This approach is pretty much like the TED approach from a few years back. As far as I remember there wasn’t a ridiculous amount of fold diversity there either. It turns out evolution isn’t averse to a bit of liberal protein plagiarism.

https://www.science.org/doi/10.1126/science.adq4946

> Natural selection has no analogy with any aspect of human behavior, However, if one wanted to play with a comparision, one would have to say natural selection does not work as an engineer works. It works like a tinkerer - a tinkerer who does not know exactly what he is going to produce but uses whatever he finds around him whether it be pieces of string, fragments or wood, or old cardboards; in short it works like a tinkerer who uses everything at his disposal to produce some kind of workable object.

―François Jacob, “Evolution and Tinkering” (https://web.mit.edu/~tkonkle/www/BrainEvolution/Meeting9/Jac...)

Tinker tailor fold or die?

They found "several thousand" novel folds? I had remembered that there were around 1000:

https://pmc.ncbi.nlm.nih.gov/articles/PMC7072414/

Oh ok, I misremembered:

"This review has focused only on small fragments of fold space with examples given for folds generated from a single secondary structure string consisting of around ten SSEs. Even in this small corner, the number of possible folds, under the current constraints, is of the order of 1000"

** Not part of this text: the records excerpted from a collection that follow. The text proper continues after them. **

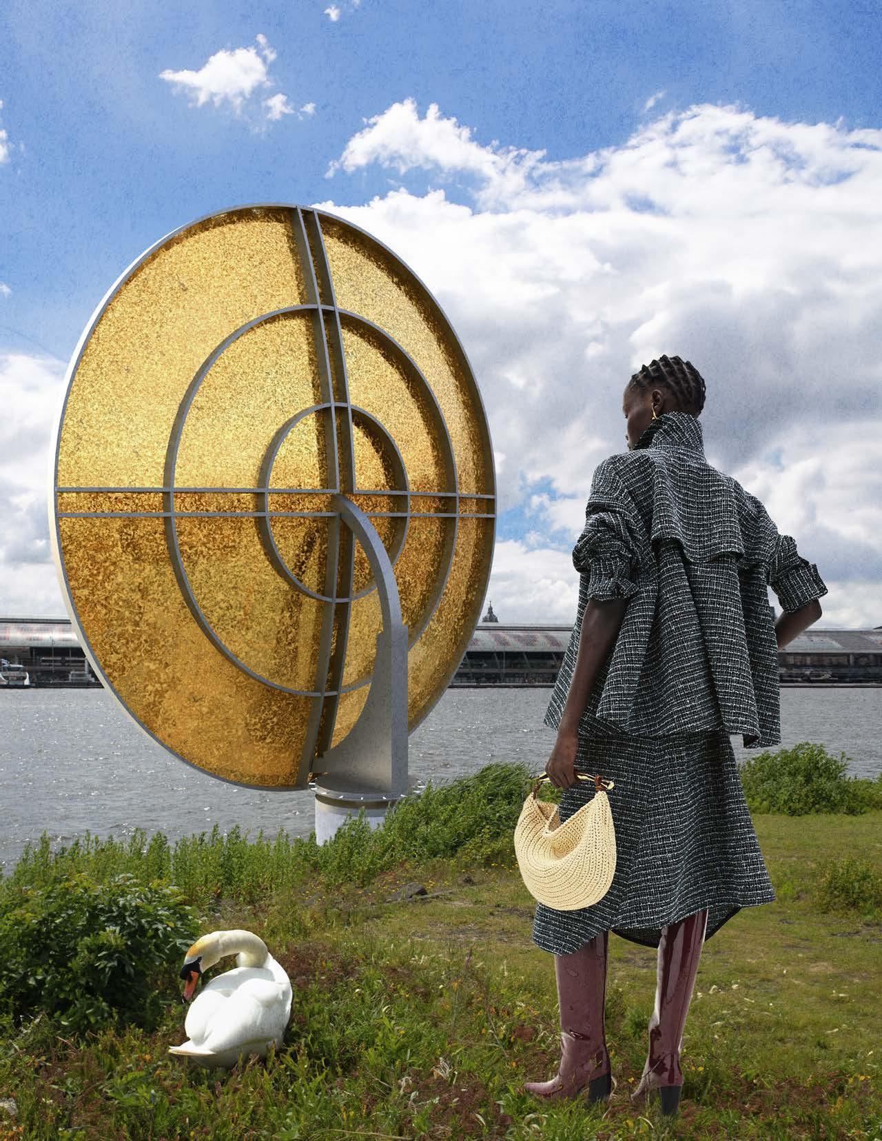 Located by the IJ River in Amsterdam Noord, directly across from the central station, the Sun Reflector is a striking temporary installation. Created for a fashion show at the Cuyperspassage, this installation explores the theme of motion in relation to the sun’s daily path.
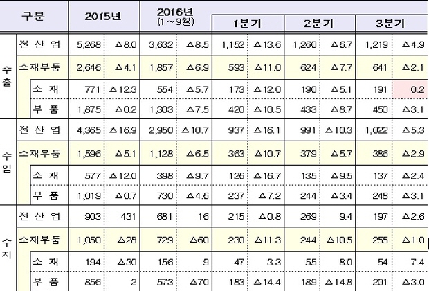 산업부는 수출과 수입, 무역수지 감소율이 둔화 추세를 보이고 있으며, 소재부문이 3분기 들어 증가세로 전환했다고 밝혔다. 소재·부품 1분기 수출은 11.0% 감소했지만, 2분기 -7.7%에 이어 3분기 -2.1%로 감소 폭이 줄었다. 소재 분야는 1분기와 2분기에 각각 12.0%, 5.1% 감소했지만, 3분기에 0.2% 상승 반전했다.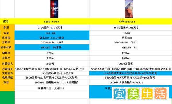 一加 9 Pro:采用骁龙888处理器,性能略逊于骁龙888 Plus,且无独立显示芯片。日常使用流畅,但在高负载游戏场景中可能因散热压力导致帧率波动。屏幕iQOO 8 Pro:首发三星E5材质屏幕,峰值亮度1500尼特,触控采样率300赫兹,支持2K分辨率与120赫兹刷新率。采用COP封装工艺,下巴更窄,屏占比更高;超声波3D广域指纹识别区域大、解锁速度快,且支持湿手解锁。一加 9 Pro:使用三星E4材质屏幕,峰值亮度1300尼特,触控采样率240赫兹,同样支持2K分辨率与120赫兹刷新率。屏幕显示效果优秀,但E5材质在功耗与亮度上更具优势。充电iQOO 8 Pro:有线充电功率达120瓦,18分钟即可充满4500毫安电池;无线充电功率50瓦,充电速度处于旗舰机第一梯队。一加 9 Pro:有线充电功率65瓦,约29分钟充满4500毫安电池;无线充电功率同样为50瓦。有线充电速度明显落后于iQOO 8 Pro。拍摄iQOO 8 Pro:后置三摄组合,主摄为5000万IMX766V传感器,搭载微云台防抖技术,在运动拍摄与夜景场景中稳定性更强;超广角为4800万IMX589传感器,成像素质一般;人像镜头为1600万像素,支持OIS光学防抖。一加 9 Pro:后置四摄组合,主摄为4800万IMX789传感器(OIS光学防抖),超广角为5000万IMX766传感器,长焦镜头为800万像素(OIS光学防抖),另有200万黑白镜头辅助成像。超广角镜头素质优于iQOO 8 Pro,适合风光摄影。手感iQOO 8 Pro:机身重量203.9克,厚度9.19毫米,因内置更大散热模块与电池,手感偏厚重。一加 9 Pro:机身重量197克,厚度8.7毫米,整体更轻薄,握持感更舒适。相同点电池容量均为4500毫安,续航表现接近。屏幕刷新率同为120赫兹,日常滑动流畅。无线充电功率均为50瓦,支持反向无线充电。前置摄像头均为1600万像素,自拍效果相当。总结iQOO 8 Pro优势:性能更强(骁龙888 Plus+独显)、屏幕素质更高(E5材质+超声波指纹)、充电速度更快(120瓦有线)、主摄防抖更稳(微云台)。一加 9 Pro优势:机身更轻薄、超广角镜头素质更优。选择建议:若追求极致性能、屏幕显示与快充体验,iQOO 8 Pro是更全面的选择;若对手机重量敏感或热衷超广角摄影,一加 9 Pro可满足需求,但需接受其性能与屏幕的相对不足。

I think there was a Twitter/Bluesky thread on the results from adding all the predicted folds from metagenomics too, and not ending up with many new clusters. If this continues to hold true as we keep looking at stuff, I will be relieved that at least natural protein folds and domains has a limited (tractable) solution space. All we need to do now is annotate the variation of these couple of thousands of fold variants. Challenging, but at least a bounded problem.

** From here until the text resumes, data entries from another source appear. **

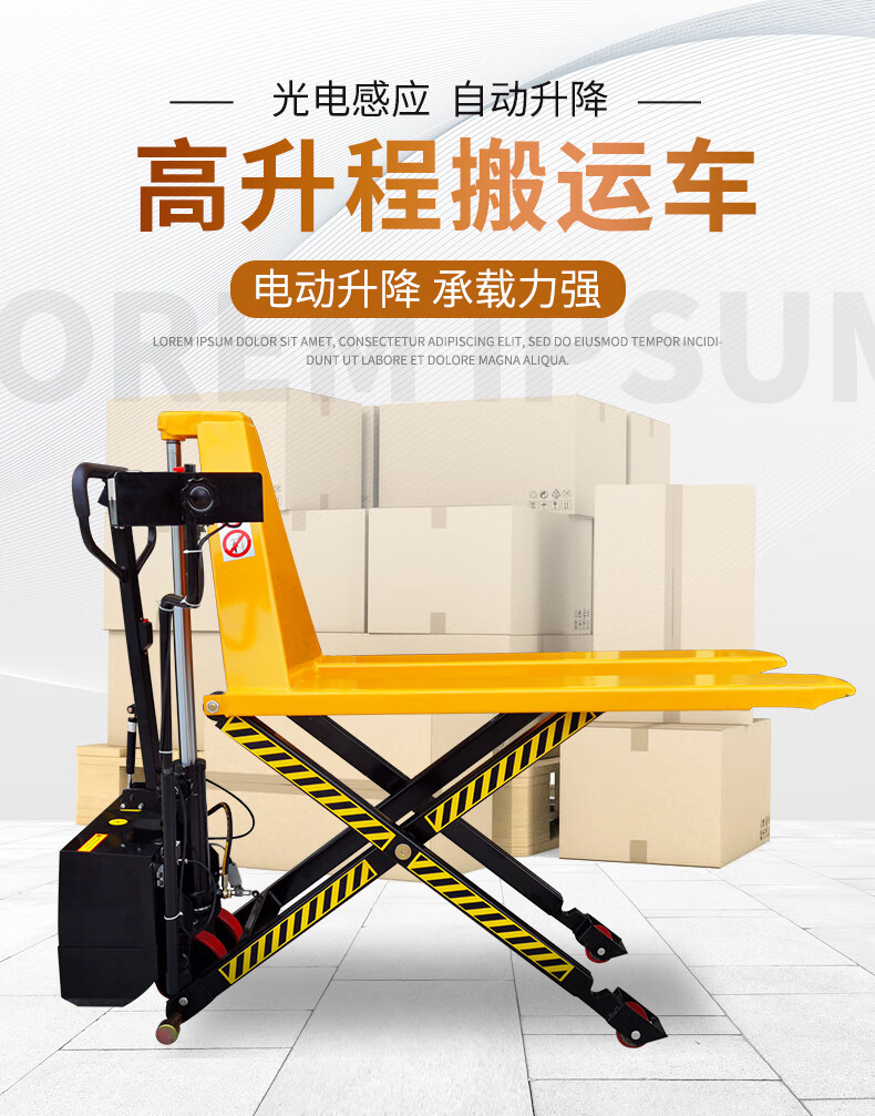 > 斯铂格 高升程叉车 液压搬运车高起升剪式装卸地牛 1.5吨升高0.8m宽550mm光电感应款 BGC-101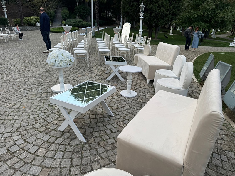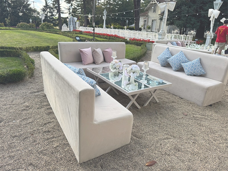 İster açık alanda ister kapalı mekânda olsun; davetinizin estetiğini bozmadan, uyumlu ve zarif oturma alanları oluşturmak bizim işimizdir.
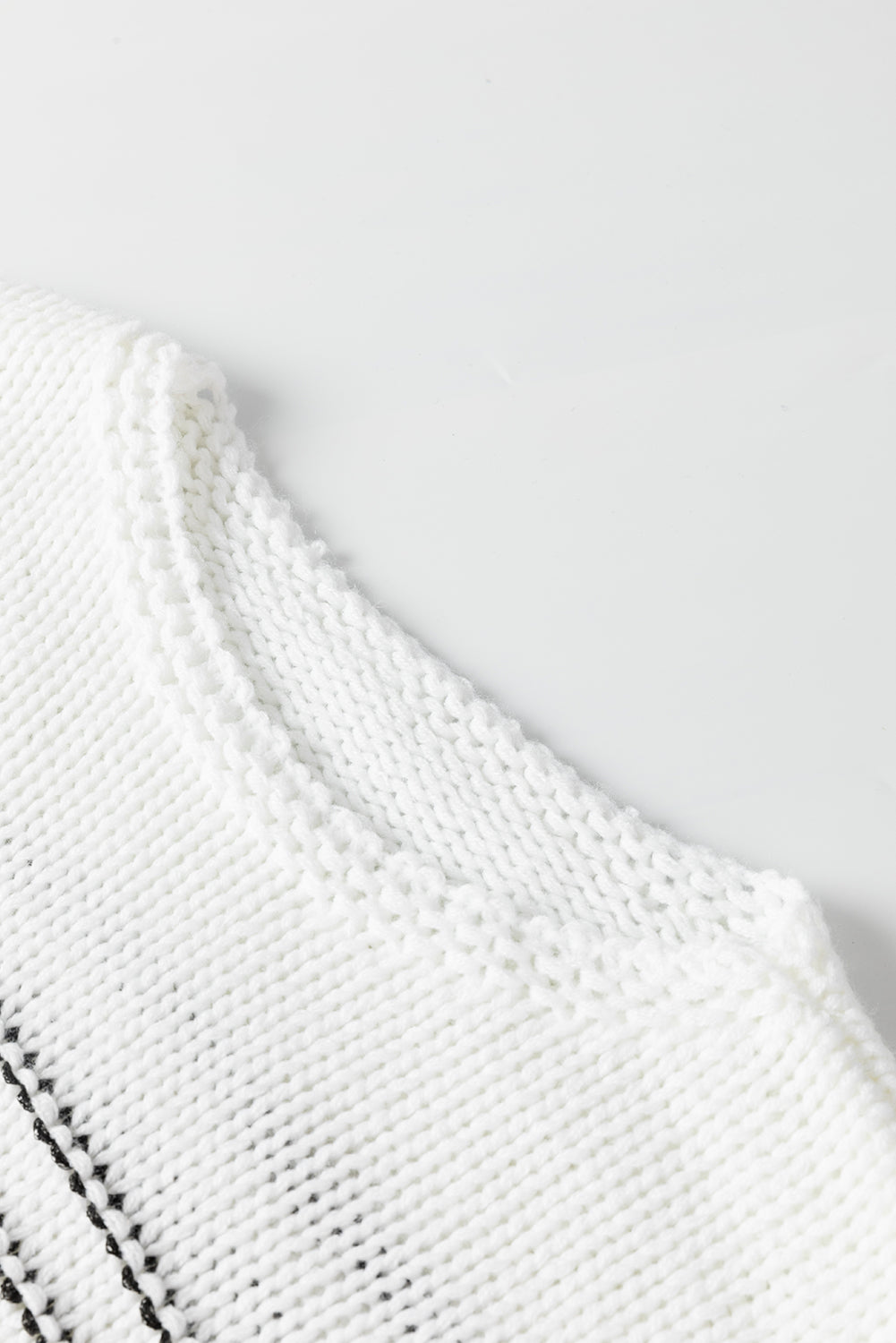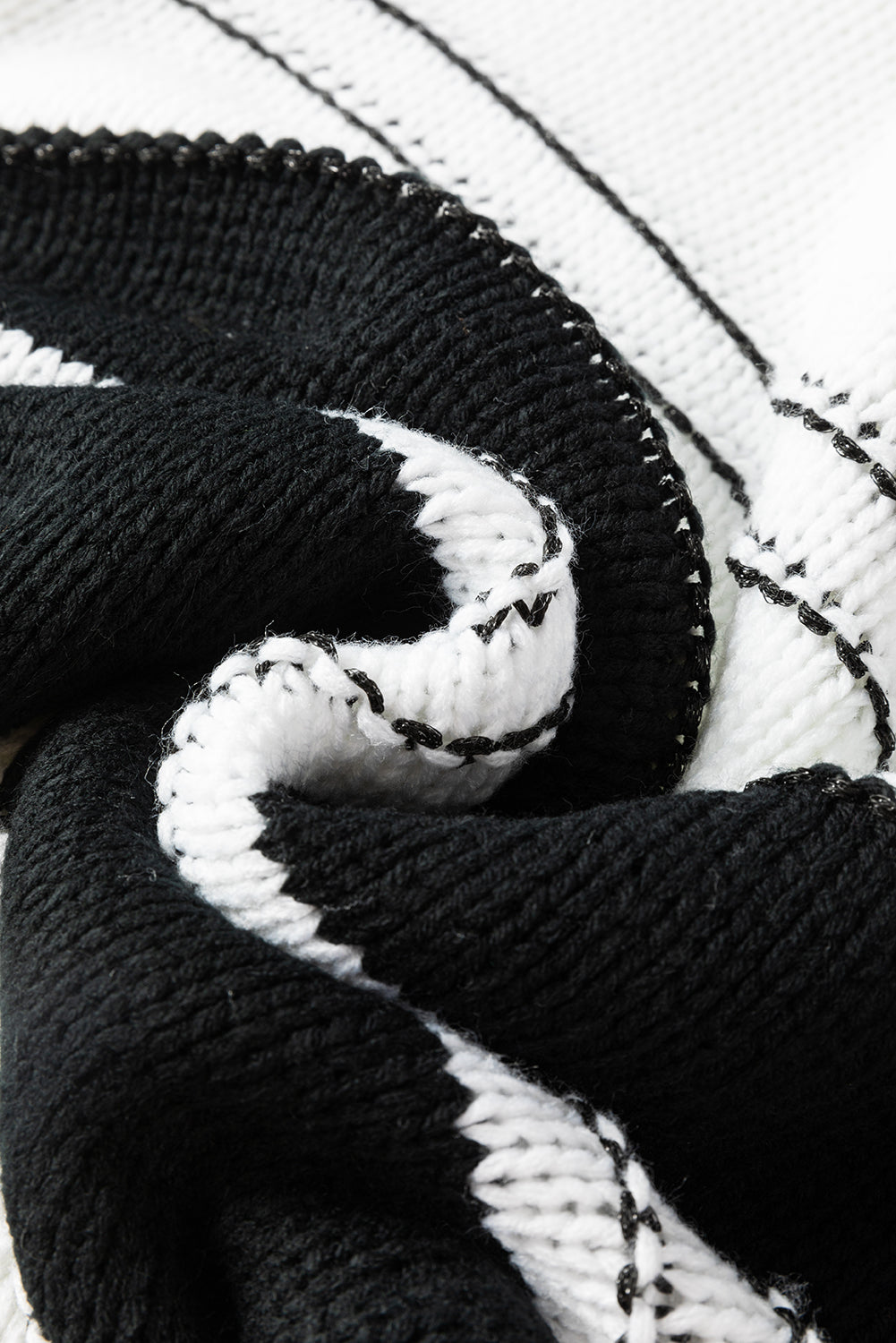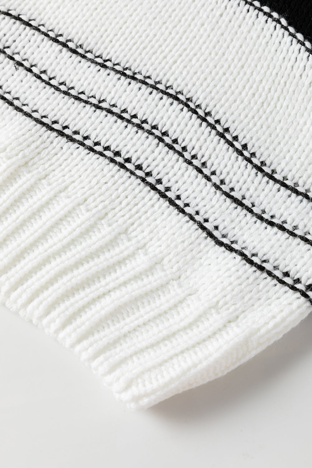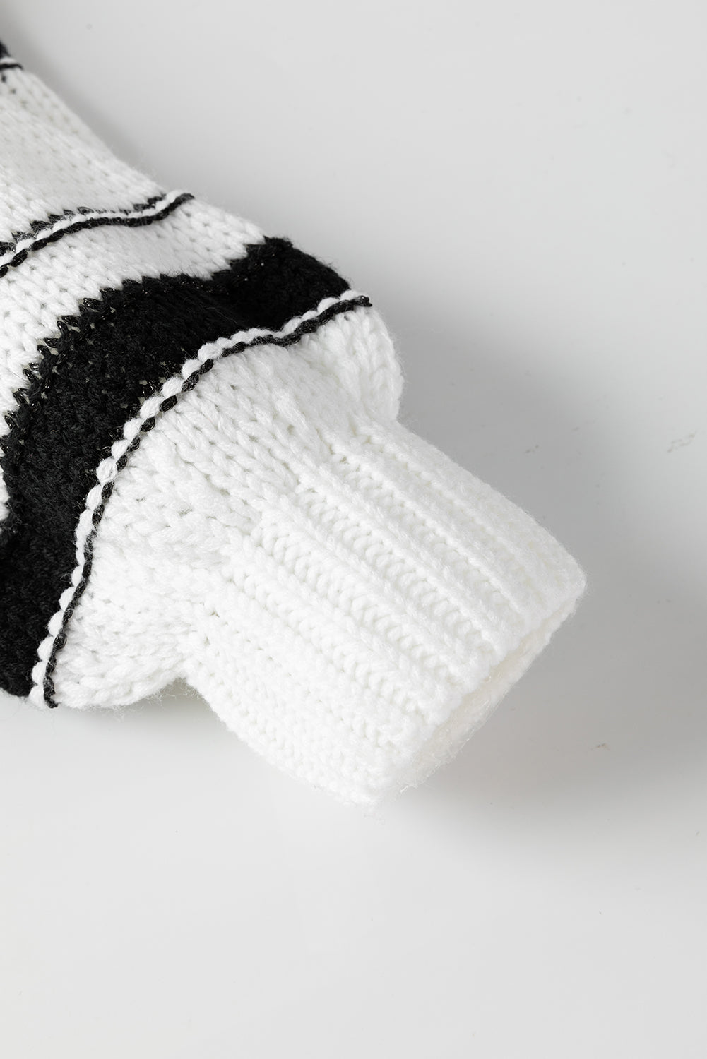 Black Stripe Striped Knit Puff Sleeve Casual Sweater

What plagiarism even means in context of proteins? That one protein steals a fold of another protein without giving proper credit to it?

I understood it as metaphor - just that evolutionarily distant sequences can adopt the same (or very similar) folds because there are only a limited number of stable, accessible folds that are possible.

Yes, that is exactly what I meant! Here’s an experiment to try: Frances Arnold got a nobel prize for work related to directed evolution. However, we know evolution is limited by the tools available to it as you mention. If we add random chaperones and co-factors to bacteria that we know other organisms use, can we push evolution outside of the known fold space? Is the limited fold space an absolute limit or the “accessible” limit?

I see. I meant 'energetically accessible', but you mean more like 'affordably accessible' (in the sense that the molecular toolkit of a cell is what can 'afford' certain structures, due to chaperones available and so on).

Who knows what might be possible if you designed a cell from scratch - perhaps you could rework all the machinery to access other parts of fold space. After all, there are some weird and wonderful machines out there like the 'Vault' (https://en.wikipedia.org/wiki/Vault_(organelle)) that can fit whole proteins inside them. Possibly a different cage-like structure could help fold designed proteins into as-before unseen structures.

It could also mean "evolutionarily accessible". The basin of attraction in sequence space has to be sufficiently large that evolution could stumble across it.